Task directions -
Take from the entries below the stretch from the line with "はい、承知しました。では、オ" through the line with "Paul Parkman Three", and return it exactly, leaving the pictures out.

Source data -
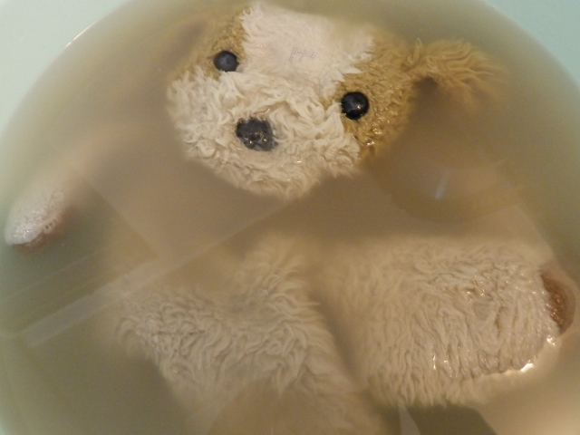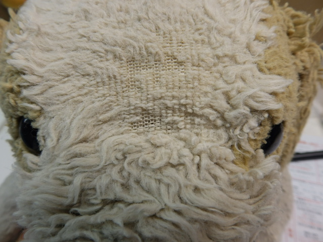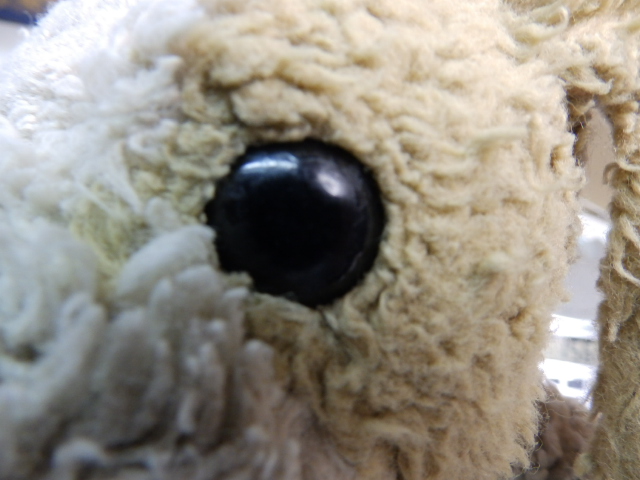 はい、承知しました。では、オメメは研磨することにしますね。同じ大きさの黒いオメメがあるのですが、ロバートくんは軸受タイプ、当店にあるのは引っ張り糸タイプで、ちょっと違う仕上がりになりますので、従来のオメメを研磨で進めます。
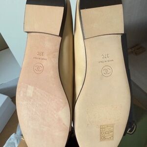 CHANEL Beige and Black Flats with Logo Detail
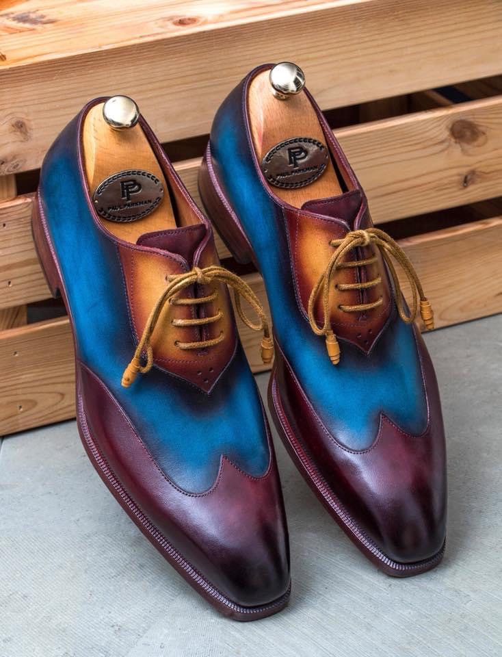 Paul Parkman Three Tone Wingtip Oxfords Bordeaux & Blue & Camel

* * *

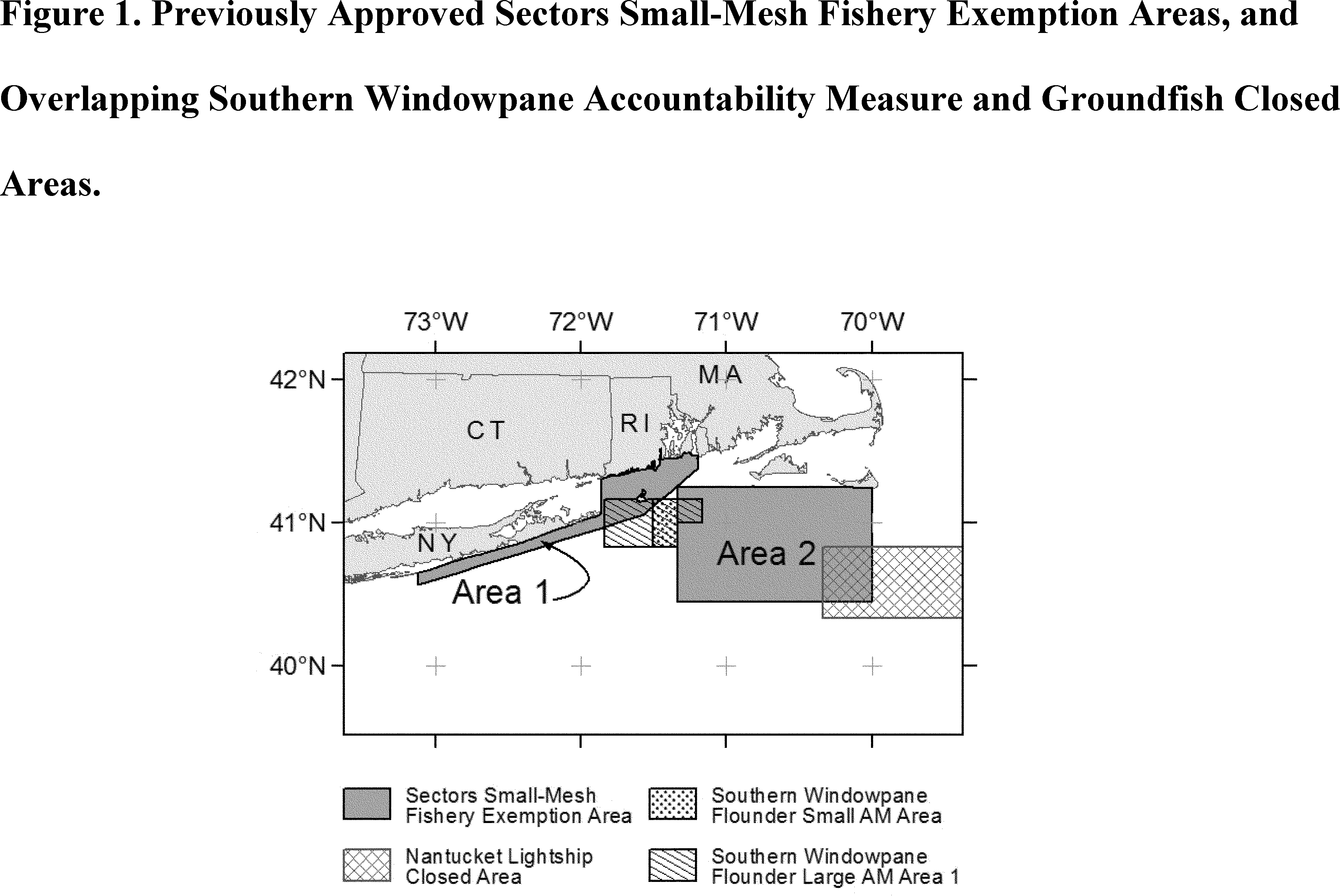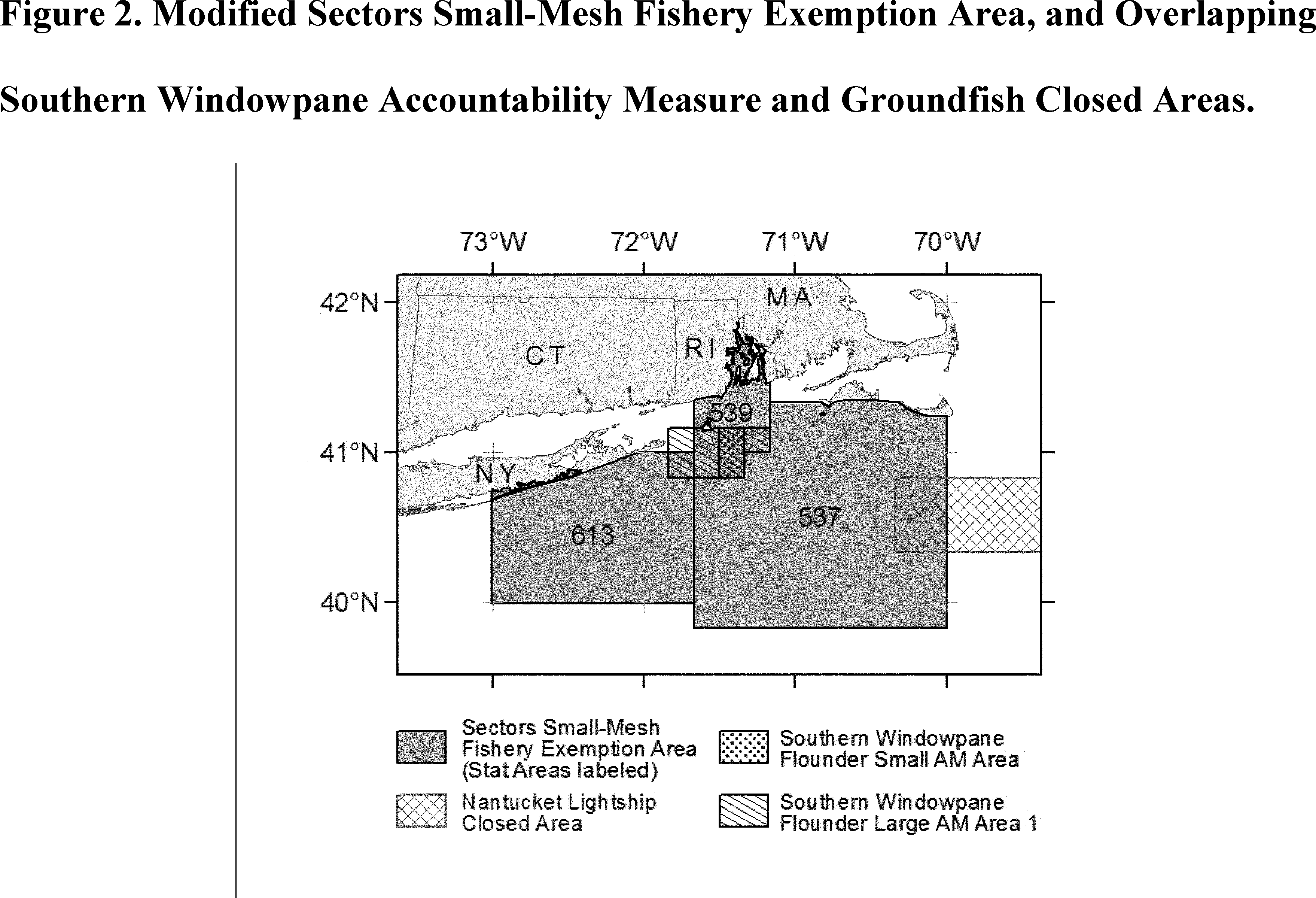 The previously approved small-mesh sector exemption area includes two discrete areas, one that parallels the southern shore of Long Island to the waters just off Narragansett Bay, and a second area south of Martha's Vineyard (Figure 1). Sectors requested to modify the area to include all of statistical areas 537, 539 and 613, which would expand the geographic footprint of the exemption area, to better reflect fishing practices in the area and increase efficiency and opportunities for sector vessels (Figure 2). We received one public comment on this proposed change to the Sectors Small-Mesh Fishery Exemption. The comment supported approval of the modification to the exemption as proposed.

Finished task -
 はい、承知しました。では、オメメは研磨することにしますね。同じ大きさの黒いオメメがあるのですが、ロバートくんは軸受タイプ、当店にあるのは引っ張り糸タイプで、ちょっと違う仕上がりになりますので、従来のオメメを研磨で進めます。
 CHANEL Beige and Black Flats with Logo Detail
 Paul Parkman Three Tone Wingtip Oxfords Bordeaux & Blue & Camel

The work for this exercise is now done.